What is needed = Using the listing below, set down exactly the lines starting at the line that contains "A new Paper" and ending at the line that contains "who is deaf. |", both included, and no others.

Recorded information =
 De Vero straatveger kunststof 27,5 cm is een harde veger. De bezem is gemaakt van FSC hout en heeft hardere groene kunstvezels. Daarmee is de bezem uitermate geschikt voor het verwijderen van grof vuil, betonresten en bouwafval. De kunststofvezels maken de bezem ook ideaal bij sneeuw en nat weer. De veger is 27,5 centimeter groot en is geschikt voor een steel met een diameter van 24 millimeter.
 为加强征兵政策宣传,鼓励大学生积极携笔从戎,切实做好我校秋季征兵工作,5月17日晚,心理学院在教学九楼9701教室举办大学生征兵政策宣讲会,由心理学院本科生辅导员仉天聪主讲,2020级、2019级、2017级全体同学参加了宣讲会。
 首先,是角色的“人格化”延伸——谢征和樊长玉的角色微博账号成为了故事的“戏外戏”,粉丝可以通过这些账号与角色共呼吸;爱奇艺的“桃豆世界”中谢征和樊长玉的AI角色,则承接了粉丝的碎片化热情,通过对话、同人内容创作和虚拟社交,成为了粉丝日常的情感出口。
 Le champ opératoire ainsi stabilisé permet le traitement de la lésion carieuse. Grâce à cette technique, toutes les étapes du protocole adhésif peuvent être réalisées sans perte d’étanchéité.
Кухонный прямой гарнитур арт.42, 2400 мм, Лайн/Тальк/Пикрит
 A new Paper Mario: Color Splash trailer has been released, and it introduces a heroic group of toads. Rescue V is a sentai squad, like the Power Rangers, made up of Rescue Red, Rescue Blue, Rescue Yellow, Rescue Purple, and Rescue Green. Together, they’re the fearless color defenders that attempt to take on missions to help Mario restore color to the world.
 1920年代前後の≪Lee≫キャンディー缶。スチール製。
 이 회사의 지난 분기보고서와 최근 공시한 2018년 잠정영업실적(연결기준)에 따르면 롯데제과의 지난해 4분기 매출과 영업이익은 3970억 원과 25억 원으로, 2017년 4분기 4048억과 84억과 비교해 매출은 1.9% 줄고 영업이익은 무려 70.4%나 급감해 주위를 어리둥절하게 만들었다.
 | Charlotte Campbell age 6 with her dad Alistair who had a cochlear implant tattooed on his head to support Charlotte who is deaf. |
---
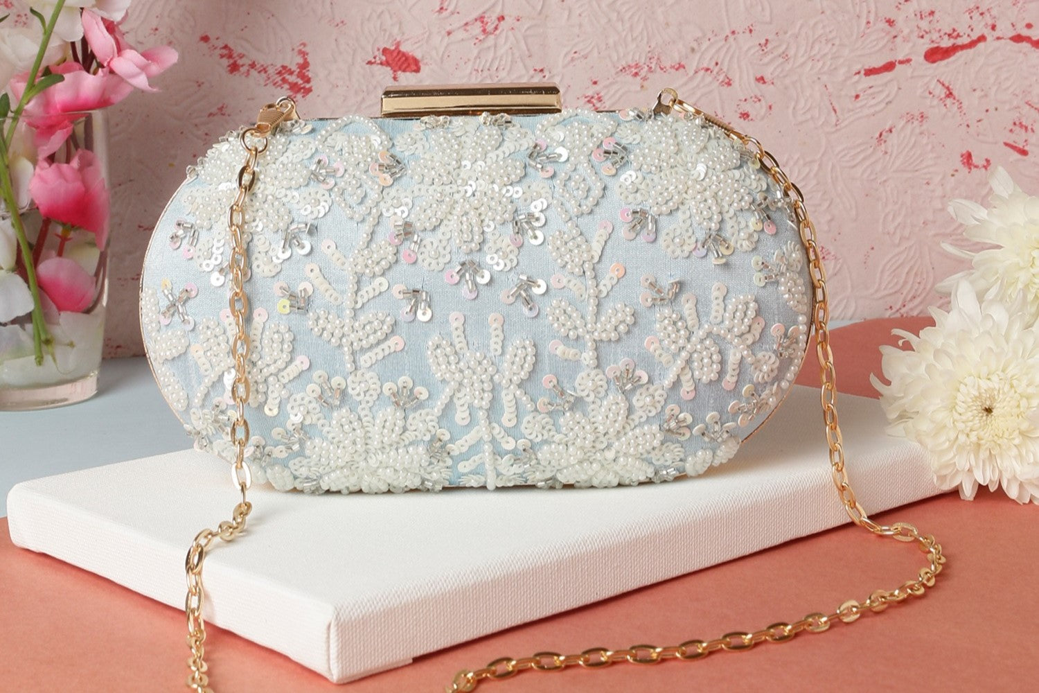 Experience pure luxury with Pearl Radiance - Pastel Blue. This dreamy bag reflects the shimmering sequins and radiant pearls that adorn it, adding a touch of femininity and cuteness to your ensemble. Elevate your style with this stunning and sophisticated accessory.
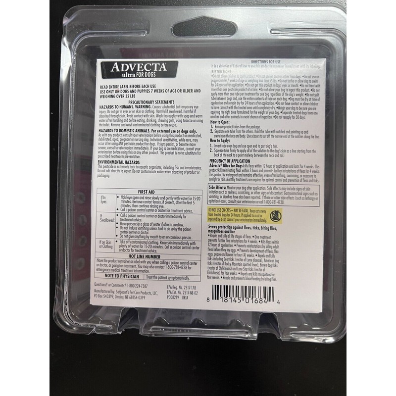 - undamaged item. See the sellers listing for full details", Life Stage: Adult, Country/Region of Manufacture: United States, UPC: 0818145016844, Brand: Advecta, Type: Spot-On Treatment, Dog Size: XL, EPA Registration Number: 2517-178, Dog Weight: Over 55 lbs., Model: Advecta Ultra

Response to this exercise =
 A new Paper Mario: Color Splash trailer has been released, and it introduces a heroic group of toads. Rescue V is a sentai squad, like the Power Rangers, made up of Rescue Red, Rescue Blue, Rescue Yellow, Rescue Purple, and Rescue Green. Together, they’re the fearless color defenders that attempt to take on missions to help Mario restore color to the world.
 1920年代前後の≪Lee≫キャンディー缶。スチール製。
 이 회사의 지난 분기보고서와 최근 공시한 2018년 잠정영업실적(연결기준)에 따르면 롯데제과의 지난해 4분기 매출과 영업이익은 3970억 원과 25억 원으로, 2017년 4분기 4048억과 84억과 비교해 매출은 1.9% 줄고 영업이익은 무려 70.4%나 급감해 주위를 어리둥절하게 만들었다.
 | Charlotte Campbell age 6 with her dad Alistair who had a cochlear implant tattooed on his head to support Charlotte who is deaf. |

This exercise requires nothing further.